*** Opening Information shown ***
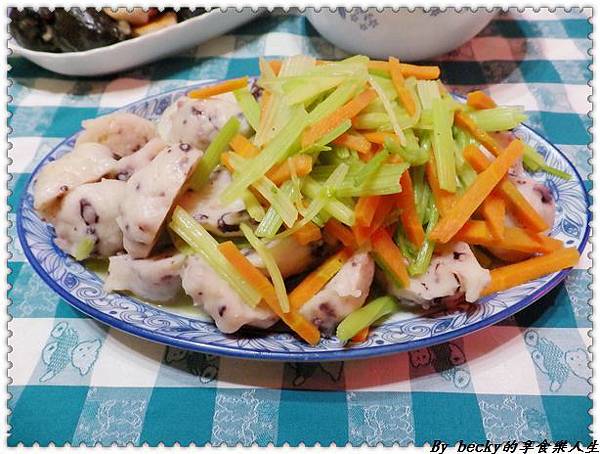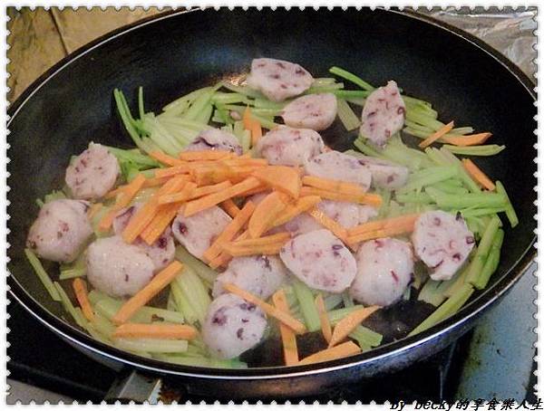另外的墨魚八爪魚丸來與芹菜與紅蘿蔔一起炒,吃起來有著Q彈口感,且在口中咀嚼有著章魚、花枝與魷魚多汁味道,拿來與青菜拌炒也是很美味咧!
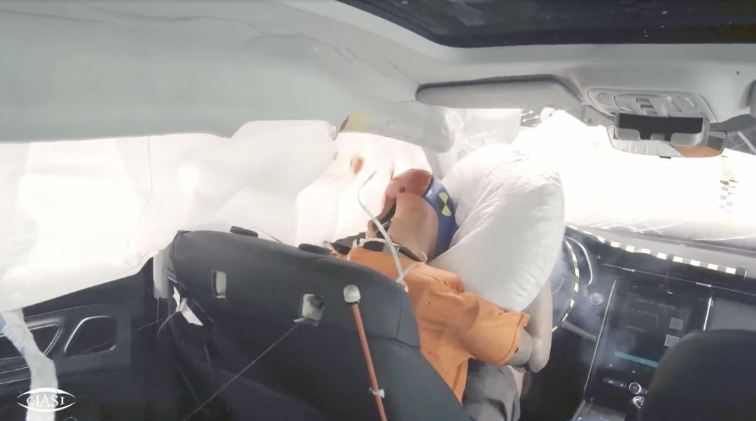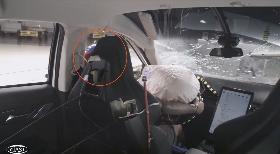 而从测试的画面中也能看出,RX5 MAX的A柱十分坚挺,气囊也没有跑到副驾驶去,与上汽某德系合资品牌的表现形成了鲜明的对比......究竟偷工减料的是中方还是德方呢?留给各位看官自己想吧。
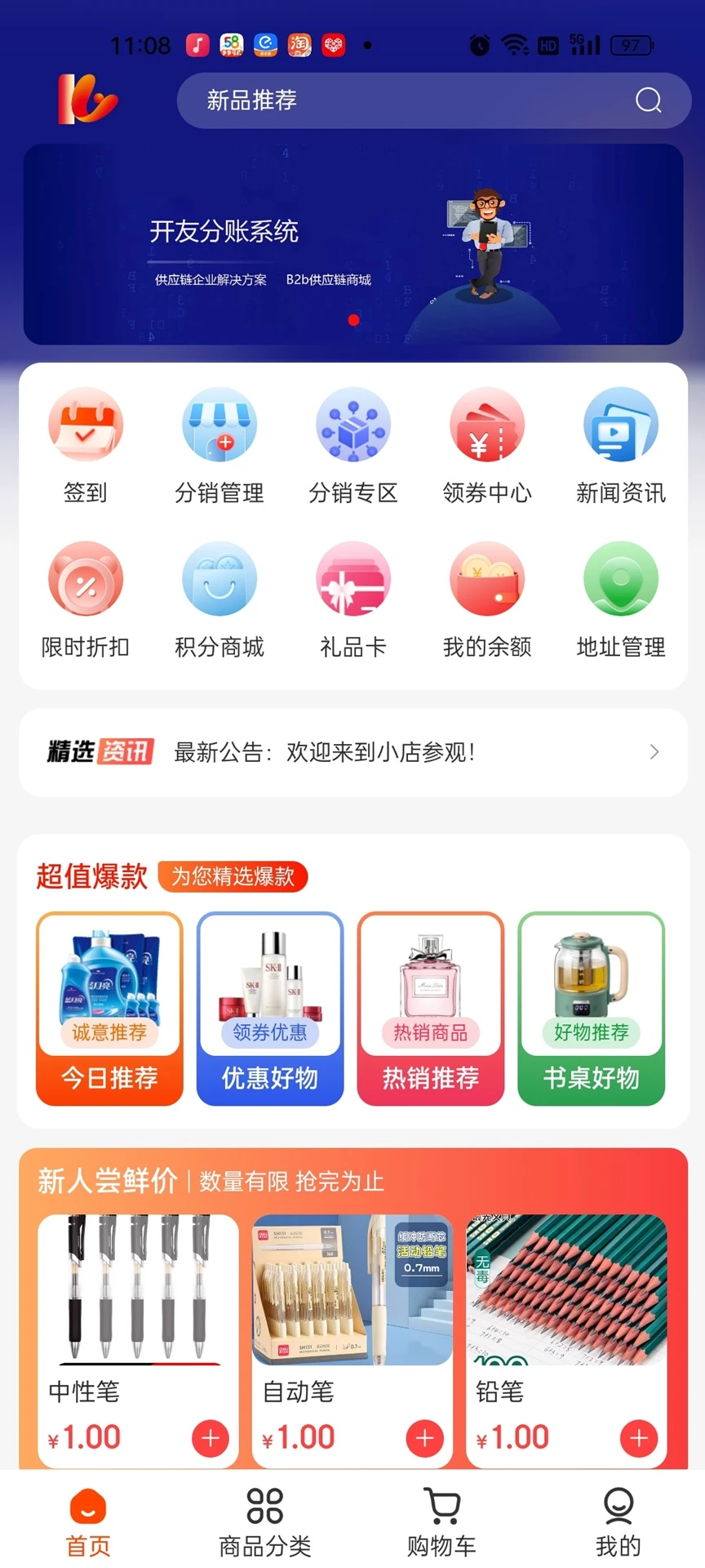 3、提供一键铺货功能,供应商将商品信息同步到淘宝、京东、抖音小店等零售渠道,库存变动实时回写,避免超卖,实现B2B2C全链路库存一盘棋管理。
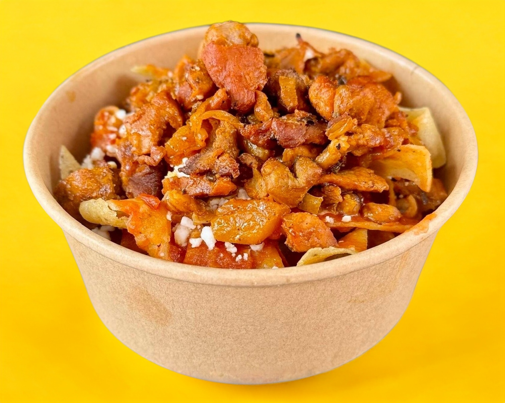 Crujientes totopos en tiras bañados en salsa Roja o Verde servidos con 90grm. de adobo de puerco y cebolla, acompañado de los toppings.
*** Closing Information shown ***
Print verbatim every line above, apart from the pictures.

*Response to this exercise:*
另外的墨魚八爪魚丸來與芹菜與紅蘿蔔一起炒,吃起來有著Q彈口感,且在口中咀嚼有著章魚、花枝與魷魚多汁味道,拿來與青菜拌炒也是很美味咧!
 而从测试的画面中也能看出,RX5 MAX的A柱十分坚挺,气囊也没有跑到副驾驶去,与上汽某德系合资品牌的表现形成了鲜明的对比......究竟偷工减料的是中方还是德方呢?留给各位看官自己想吧。
 3、提供一键铺货功能,供应商将商品信息同步到淘宝、京东、抖音小店等零售渠道,库存变动实时回写,避免超卖,实现B2B2C全链路库存一盘棋管理。
 Crujientes totopos en tiras bañados en salsa Roja o Verde servidos con 90grm. de adobo de puerco y cebolla, acompañado de los toppings.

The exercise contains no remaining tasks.